ケトジェニックダイエットを柔軟に取り入れることは、食習慣の見直しにつながる。 photo : iStock
厳密にケトジェニックダイエット行う場合には、ニンジンやビーツなど糖質の多い野菜を含め、すべての糖質を排除するが、より柔軟に取り入れる場合は、リンゴ一切れやプラム、豆類などの摂取が認められる。そのため、一部の専門家たちは、柔軟な方法を採用することを推奨している。

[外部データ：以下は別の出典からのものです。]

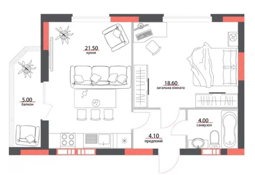 Загальна площа — 53 м²
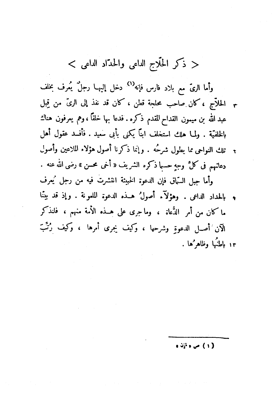 وأما الرىّ مع بلاد فارس فإنه دخل إليها رجل يعرف بخلف الحلاّج، كان صاحب محلجة قطن، كان قد نفذ إلى الرىّ من قبل عبد الله بن ميمون القداح المقدم ذكره. فدعا بها خلقا، وهم يعرفون هناك بالخلفيّة. ولما هلك استخلف ابنا يكنى بأبى سعيد. فأفسد عقول أهل تلك النواحى مما يطول شرحه. وإنما ذكرنا أصول هؤلاء الملاعين وأصول دعاتهم فى كلّ وجه حسبما ذكره الشريف «أخى محسن» رضى الله عنه.
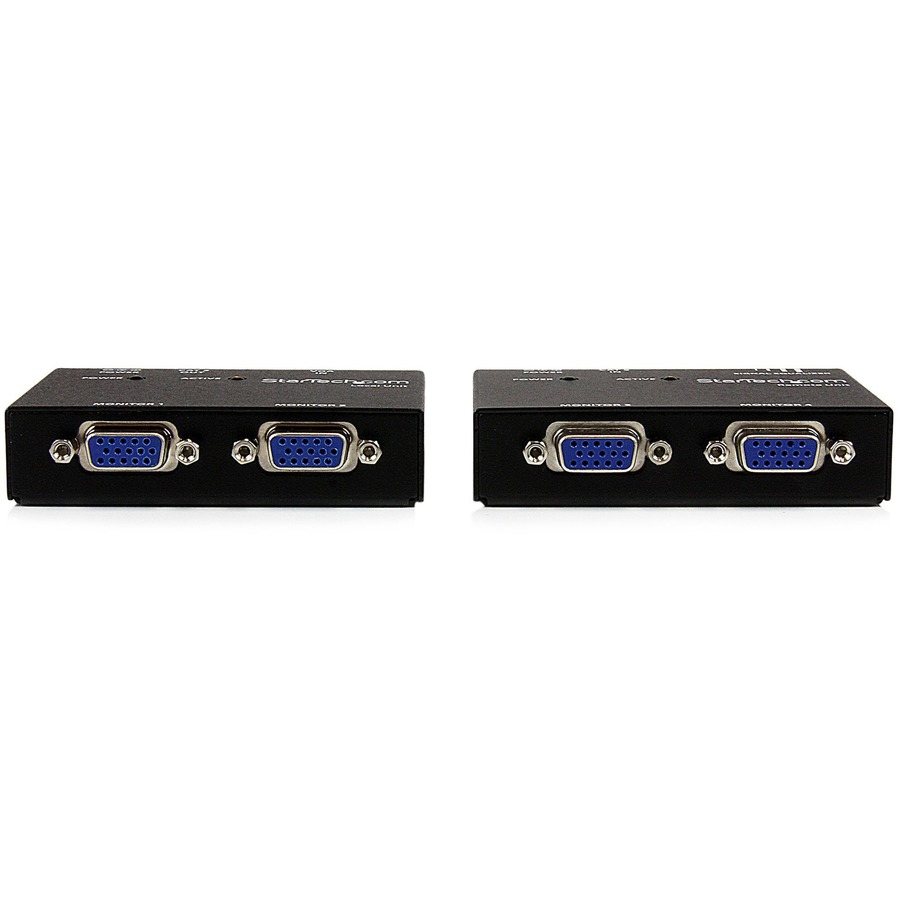 The local unit features a single VGA input as well as two VGA outputs giving you the ability to view and split your source VGA signal to two independent displays locally. The VGA video signal is then sent over standard 4 pair Category 5 or better UTP cable to the remote unit which also features two additional VGA outputs giving you the freedom to display your VGA source on up to four monitors in total.

「地中海式ダイエットと同様、砂糖やジャンクフード、ジュースや炭酸飲料の消費が抑えられます。また、オーガニックの卵、良質の肉、いわしなど、『良質な脂肪の量だけを増やします。豆類はでんぷん質の代わりになるので、一日中持ちこたえられる。つまり、完璧にバランスの取れた食事なのです」とアレクサンドラ・ダルは説明する。
一方、厳格なケトジェニックダイエット行う場合は長期的なリスクがある、と専門家たちは警鐘を鳴らす。「タンパク質と脂肪の過剰摂取は健康に悪影響を及ぼし、食物繊維も十分に含まれていません。したがって、それを補う栄養補助食品を摂取する必要があります」とジャン=ミッシェル・ルセルフは強調する。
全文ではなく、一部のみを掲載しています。